Relevance: Specific prompts ensure that the AI’s responses are relevant to your needs. For instance, if you need help with a history paper on the Renaissance, a specific prompt will ensure that the AI focuses on that period rather than providing unrelated information.
Steps for Crafting Specific Prompts
Be Clear and Concise: When crafting a prompt, be clear and concise. Instead of asking, “Can you help me with my modern art essay?”, try, “Can you help me create an outline for my essay on the impact of the Renaissance on modern art?”
Provide Context: Giving the AI some context can significantly improve the quality of the response. For example, instead of saying, “Explain photosynthesis,” you could say, “Explain photosynthesis for a biology 101 class, focusing on the light-dependent reactions.” Think of what time, place, or style you would like the AI to approach the topic from.
Ask Specific Questions: Specific questions yield specific answers. Instead of asking, “What is calculus?”, try, “Can you explain the concept of integration in calculus with an example?”
Include Keywords: Keywords are essential in guiding the AI. For instance, if you are looking for information on a particular theory, include the name of the theory and any related terms in your prompt. Example: “Describe Piaget’s theory of cognitive development and its stages.” instead of "Describe cognitive development.
Ask for a Structured Format: If you need a structure to the AI's output, add it to the prompt. This could be bulleted lists, compare and contrast two ideas, or a step by step guide.
Add in Explicit Constraints: Ask the AI to restrict an output. Examples would be a word limit, ask it to give you a summary, or ask it to give you the answer at a specific learning level.
Things to avoid:
Vagueness: The AI has the entire internet to work with. If you are too vague, it will pick things out, and make things that sound the same as everything else you find. It will also hallucinate more.
Over-complication: If you give the AI too many constraints, it will overload or misunderstand them. Keep things to no more than 3 descriptors per main idea. Then use Step 3(Iteration) to get a more focused answer.
Assuming Knowledge: The AI can not read your mind. It can and will assume things that you did not want it to give.

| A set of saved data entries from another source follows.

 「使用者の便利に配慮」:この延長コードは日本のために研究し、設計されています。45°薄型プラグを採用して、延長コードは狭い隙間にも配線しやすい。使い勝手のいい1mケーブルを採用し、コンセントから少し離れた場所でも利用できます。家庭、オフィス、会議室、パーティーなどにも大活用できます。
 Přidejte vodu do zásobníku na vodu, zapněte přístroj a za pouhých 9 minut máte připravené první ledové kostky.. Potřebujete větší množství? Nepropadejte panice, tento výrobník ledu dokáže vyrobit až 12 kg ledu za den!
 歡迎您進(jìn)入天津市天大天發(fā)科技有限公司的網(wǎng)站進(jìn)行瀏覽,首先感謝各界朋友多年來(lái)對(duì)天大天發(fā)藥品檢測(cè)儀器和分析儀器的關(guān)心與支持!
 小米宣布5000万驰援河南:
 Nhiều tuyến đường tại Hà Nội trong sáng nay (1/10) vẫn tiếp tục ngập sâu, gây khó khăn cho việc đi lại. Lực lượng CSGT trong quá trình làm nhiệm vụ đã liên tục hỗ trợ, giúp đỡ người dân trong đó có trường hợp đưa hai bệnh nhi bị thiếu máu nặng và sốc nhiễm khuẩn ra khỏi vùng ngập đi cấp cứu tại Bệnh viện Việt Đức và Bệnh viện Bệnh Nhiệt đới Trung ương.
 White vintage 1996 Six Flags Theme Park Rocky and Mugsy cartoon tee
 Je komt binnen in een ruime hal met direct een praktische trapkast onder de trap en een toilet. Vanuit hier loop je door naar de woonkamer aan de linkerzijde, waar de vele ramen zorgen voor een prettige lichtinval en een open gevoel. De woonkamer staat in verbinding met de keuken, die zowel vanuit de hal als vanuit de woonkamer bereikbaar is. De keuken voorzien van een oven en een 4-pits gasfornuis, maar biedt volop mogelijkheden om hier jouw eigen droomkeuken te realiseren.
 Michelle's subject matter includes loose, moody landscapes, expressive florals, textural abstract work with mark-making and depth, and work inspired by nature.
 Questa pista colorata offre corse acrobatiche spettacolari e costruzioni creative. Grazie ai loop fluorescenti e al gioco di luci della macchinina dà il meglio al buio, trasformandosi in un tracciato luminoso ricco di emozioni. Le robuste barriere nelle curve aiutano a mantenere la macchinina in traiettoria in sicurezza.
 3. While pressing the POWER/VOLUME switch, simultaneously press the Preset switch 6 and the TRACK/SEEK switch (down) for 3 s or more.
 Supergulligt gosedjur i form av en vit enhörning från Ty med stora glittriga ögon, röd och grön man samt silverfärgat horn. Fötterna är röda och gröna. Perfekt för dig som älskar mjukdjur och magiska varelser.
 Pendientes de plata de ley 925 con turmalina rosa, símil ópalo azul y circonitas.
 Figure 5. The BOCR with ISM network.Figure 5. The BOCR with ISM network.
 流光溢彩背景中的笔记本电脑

Specify what subject, topic, or idea you want it to follow.
Leading Questions: This will give skewed results. If you state "Why is X better than Y?" you are loading the question with the assumption that X is better than Y, and the AI will follow that line of thought. A better question would be "Which is better, X or Y, and are there more options?"
Avoid Jargon and Acronyms: AIs may or may not understand what you are saying, and make up a meaning instead of what you meant. This will give off what looks like a good answer, but in reality the answer is completely incorrect.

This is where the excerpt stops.